1.k. Cusco & Machu Picchu

Mise en ligne du message: je 31 mai 2007, 21h05
Mise en ligne de l'album 1.11: je 31 mai 2007, 21h05

Il fallait bien qu'une fausse note vienne un jour troubler le concert de louanges que je vous fais du Pérou. Ce moment est arrive, et c'est Cusco, ex-capitale inca et lieu mythique s'il en est, qui a paradoxalement le triste honneur d'essuyer les platres...

La ville avait pourtant tout pour me plaire, de par son histoire et sa situation geographique hors du commun: car perchee dans les Andes peruviennes, au confluent mythologique des mondes souterrain, visible et superieur de ses ancetres, celle dont le nom quechua signifie "nombril du monde" garde en ses murs de nombreuses traces de son glorieux passe, malgre les destructions ayant accompagne l'arrivee des Espagnols en 1534.

C'est d'ailleurs une Plaza de Armas encore deserte et baignee dans la magnifique lumiere du petit jour qui recueille mes premieres impressions, forcement positives, en ce matin du 6 novembre.
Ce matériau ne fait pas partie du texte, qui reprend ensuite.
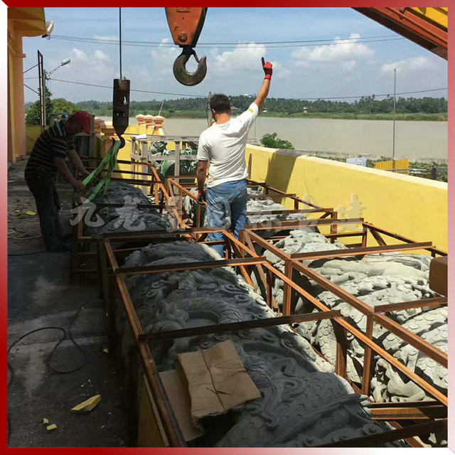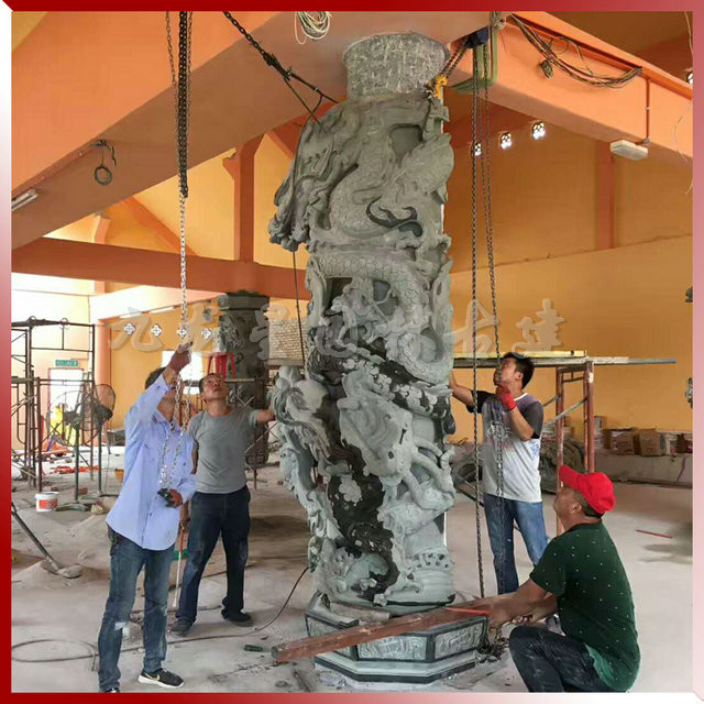 九龍星園林古建位于福建惠安,具有很強的材料選取優勢,通過專業且標準化的采購渠道,甄選出本地優質的礦料,加工的羅源青青石龍柱,精雕細琢,龍柱用于寺廟大殿美化,贏得客戶好評。

Les colporteurs et vendeurs en tous genres etaient encore couches... Cela n'allait effectivement pas durer, car quelques heures plus tard, apres avoir pris mes quartiers dans une modeste auberge (El Mirador del Inca, joli nom n'est-ce pas?) conseillee par Angel, me voila assailli de toutes parts: souvenirs, bibelots, visites guidees de la ville, tarot, massages des pieds, propositions d'excursions, taxis, restaurants en tous genres et j'en passe. Parlons-on, des restaurants: impossible ou presque de mettre le grappin sur un etablissement proposant de la nourriture du pays, au milieu de toutes ces gastronomies occidentales (je finirai finalement par trouver la perle rare). Quelques petites vieilles rabougries, descendues de leur montagne en costume traditionnel, font de l'oeil aux photographes, agrippees a un lama fourbu. Je ne peux m'empecher d'imaginer ironiquement l'armailli, de bredzon vetu, exhibant sa Marguerite toute chenayee sur la place Georges-Python de Fribourg, en quete de quelques pieces. Une analogie pas aussi absurde qu'il y parait, en fait, Cusco etant un peu la Gruyeres peruvienne: une carte postale sans ame, une enveloppe vide.
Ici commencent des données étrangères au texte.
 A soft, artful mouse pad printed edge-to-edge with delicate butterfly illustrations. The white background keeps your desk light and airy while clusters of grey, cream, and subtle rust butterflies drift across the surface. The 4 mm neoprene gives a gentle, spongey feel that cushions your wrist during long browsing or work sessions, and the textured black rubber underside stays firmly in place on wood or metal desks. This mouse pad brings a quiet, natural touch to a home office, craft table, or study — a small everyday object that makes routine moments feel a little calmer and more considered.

Vous me trouverez sans doute bien severe (surtout les Grueriens :-p), et certaines circonstances exterieures ont peut-etre radicalise mon jugement. Le fait de me retrouver soudainement seul apres ces nombreuses semaines "en famille"? Possible. Il se peut aussi que la meteo ait negativement influe sur ma perception de l'endroit, car le soleil a vite fait place a une pluie tenace et de plus en nourrie, ce qui n'a pas manque de bousculer mes projets de balade a velo dans la Vallee Sacree toute proche. Quitte a finir mouille, j'ai alors opte pour une journee de rafting (activite reputee dans la region), mais celle-ci est egalement tombee a l'eau (...). Du coup, apres quelques timides visites de la ville et du musee local (tres interessant, ne crachons pas non plus dans la soupe), j'ai rapidement reporte mes espoirs sur la randonnee de cinq jours en direction du Machu Picchu. 
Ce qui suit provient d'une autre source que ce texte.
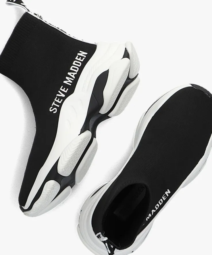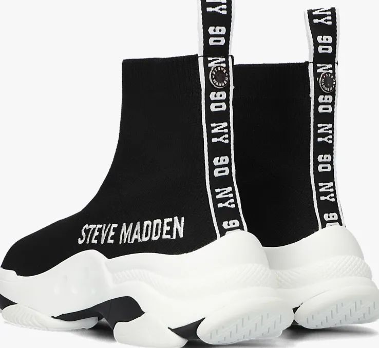 Hoe gaaf zijn deze JMASTER ‘knitted sok’ sneakers van het vooruitstrevende merk STEVE MADDEN! Deze zwarte sneakers met witte accenten zijn gemaakt van gebreid textiel die heerlijk aansluiten aan je voeten. Het binnenwerk is gemaakt van zacht textiel met een comfortabel foam voetbed, waardoor jij hele dagen op deze beauty’s kunt lopen. De chunky zool met golvende lijnen geven hem die extra finishing touch. Trek hem snel aan en uit met de handige aantreklus met NY 90 reliëf aan de achterzijde. Het geborduurde merklogo op de zijkant maakt ’m helemaal af! Combineer deze sneakers met al je favoriete outfits en je bent ready to go.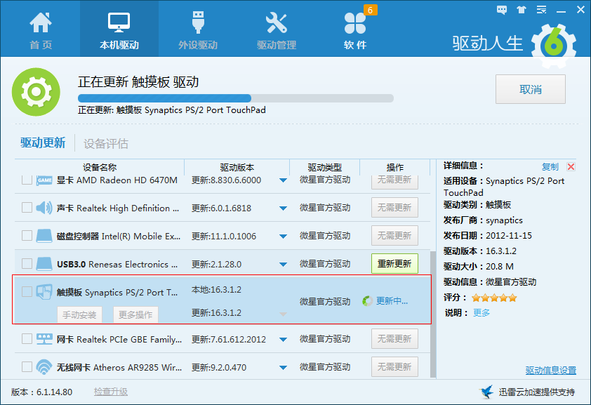 您可以先用驱动人生6卸载掉原来的触摸板驱动,然后再重新检测一遍电脑驱动,将触摸板驱动更新一遍,重启电脑之后重新测试触摸板是否可用。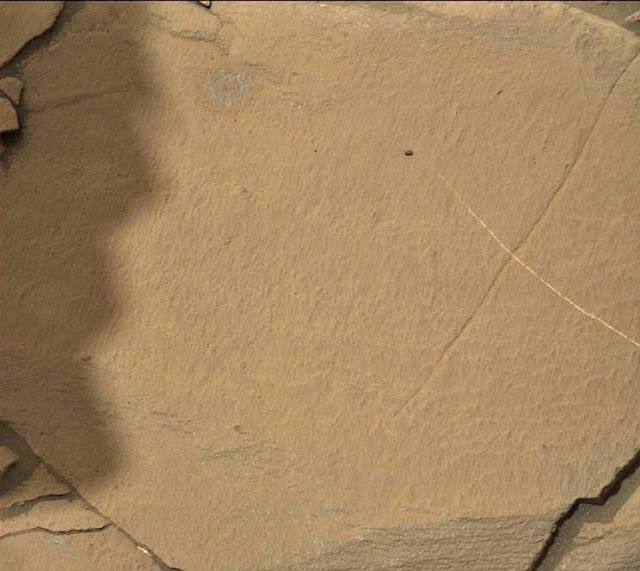 NASAより公開されている探査衛星が捉えた火星地表の画像であるが、ここに奇妙な跡が存在している。地表に走った細い溝に交差するように、白い一本の「わだち」らしきものが出来ているのだ。周囲の地形や岩などからみても、この筋が比較的最近付いたものだという事が推察できる。

Mon choix s'est arrete sur le trek denomme Salkantay, une variante encore peu courue du fameux Chemin de l'Inca (ou Inca Trail en anglais). Troncon mythique de l'immense reseau de communication que les Incas avaient etabli dans tout l'Empire, ce dernier est effectivement l'objet d'un commerce un peu trop juteux a mon gout, malgre les restrictions mises en place depuis quelques annees. Oubliez vos projets de partir en aventurier a la decouverte de la citadelle perdue, tel Esteban a la recherche des Cites d'Or (clin d'oeil aux trentenaires)! L'acces au Chemin de l'Inca ne pouvant desormais se faire que par le biais d'agences autorisees, il vous faudra sagement suivre le guide, apres vous etre deleste des 300 a 400 dollars vous donnant le droit d'en disposer. Tout ca pour dormir parmi plusieurs dizaines d'autres (riches) touristes occidentaux, et terminer votre periple au milieu d'une interminable file indienne. Aaah Corinne et Marc, je vous envie parfois d'avoir decouvert le Monde (ou du moins le Perou ;-)) quinze ans avant moi!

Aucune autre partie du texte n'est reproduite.